Very interesting Pat. I quess that ain't something you find everyday. A C.D. about gold in ireland. I just included a link in the new forum book for this. Good job. :wink:


----------



## retropc.eu (Jan 14, 2015)

Unfortunately, link is no longer available :/


----------



## necromancer (Jan 14, 2015)

Error
File not found


----------



## rickbb (Jan 14, 2015)

Well it is a 5 year old link.


----------



## necromancer (Jan 14, 2015)

yes i seen that, i will also never be in Ireland looking for gold


----------



## rickbb (Jan 14, 2015)

If I'm ever in Ireland, it'll be a Guinness I'd be looking for.


----------



## patnor1011 (Jan 14, 2015)

Rapidshare free upload/download is long gone. If you know about some free upload website I will try to post it again.


----------



## justinhcase (Jan 14, 2015)

My family have a good deal of land in Ireland so I would like to look at that.
thanks


----------



## butcher (Jan 15, 2015)

I heard the best way to find gold in Ireland was to just follow the leipreachán and find his gold at the end of the rainbow.


----------



## justinhcase (Jan 15, 2015)

Not any more ,they have all got there hands on the decommissioned arms that are meant to be placed beyond use.
I went back to my old family home in Mulhuddart for the first time in twenty odd years and even the five year old's are planting practices devices.
I am sure the Leprechauns are like wise handy about them self's now :lol:


----------



## patnor1011 (Jan 15, 2015)

One thing here for anyone who want to use this cd - it will run on win XP and older machines, it require program to install which will allow you to work with interactive map, this program however do not work on any OS after win XP. 
You will be able to read some info from cd but main thing, map with detailed info about every location will be accessible only on win XP and older OS.


----------



## MarcoP (Jan 16, 2015)

patnor1011 said:


> One thing here for anyone who want to use this cd - it will run on win XP and older machines, it require program to install which will allow you to work with interactive map, this program however do not work on any OS after win XP.
> You will be able to read some info from cd but main thing, map with detailed info about every location will be accessible only on win XP and older OS.
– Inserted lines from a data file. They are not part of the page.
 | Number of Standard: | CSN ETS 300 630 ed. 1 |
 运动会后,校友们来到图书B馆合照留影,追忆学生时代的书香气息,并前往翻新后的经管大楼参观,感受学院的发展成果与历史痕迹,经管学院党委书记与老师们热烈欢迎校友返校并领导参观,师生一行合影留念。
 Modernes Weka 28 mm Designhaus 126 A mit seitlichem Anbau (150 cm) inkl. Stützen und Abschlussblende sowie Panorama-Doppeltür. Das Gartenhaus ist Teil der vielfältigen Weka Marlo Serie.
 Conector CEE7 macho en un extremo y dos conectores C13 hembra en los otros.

On a newer OS then XP you might be able to right click the .exe and install using the compatibility mode, just a remote possibility.
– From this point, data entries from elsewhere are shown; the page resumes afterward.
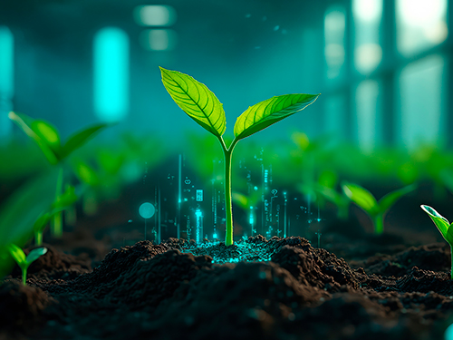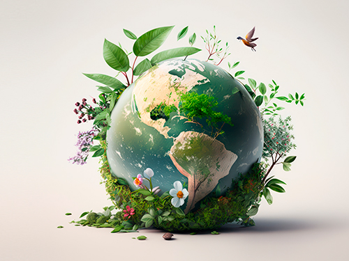 Imagem de uma planta sobre o planeta terra.
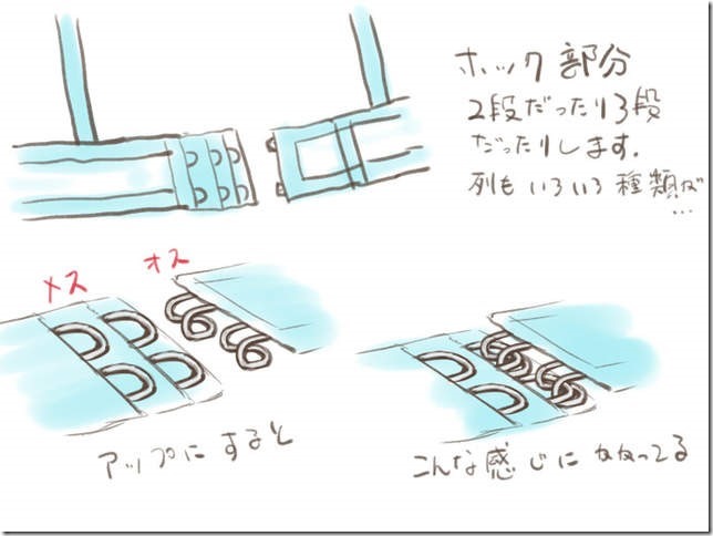 ↑首先了解內衣的構造,左邊是環狀的勾扣部分,一般都有二到三層可以選擇,而右邊則是倒鉤的鉤子,扣在勾扣上來固定內衣。圖片來源:netatama
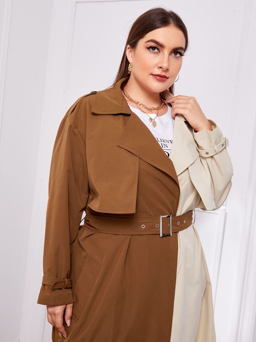 Trench bicolore avec ceinture

A second option is to use XP into a virtual machine, which it's easier then what it sounds.


----------



## patnor1011 (Jan 16, 2015)

Virtual XP can be installed directly from microsoft website however only on high end OS systems not on those sold for home users. I mean you need to have win 7 pro to be able to install virtual XP not just win 7 home. 
There is one more option but you will have to install virtual XP but you need licence for that OS too.


----------



## Auful (Jan 17, 2015)

patnor1011 said:


> Rapidshare free upload/download is long gone. If you know about some free upload website I will try to post it again.


For ~$400 one could build their own desktop suitable for apache server, then install owncloud and have your own private cloud to which you could grant general users access. The software is free. I am no computer genius, but I was able to do this with some great online tutorials. 

http://www.ubuntu.com/server
https://httpd.apache.org/download.cgi
https://owncloud.com/
http://arstechnica.com/gadgets/2012/11/how-to-set-up-a-safe-and-secure-web-server/2/

Edit: corrected spelling error


----------



## MarcoP (Jan 17, 2015)

Auful said:


> patnor1011 said:
> 
> 
> > Rapidshare free upload/download is long gone. If you know about some free upload website I will try to post it again.
> ...


You could just buy a NAS for lot less, eg. I have a Synology at home for my LAN. Plug and play.


----------



## necromancer (Jan 17, 2015)

best server i ever used was The Sambar Web Server


----------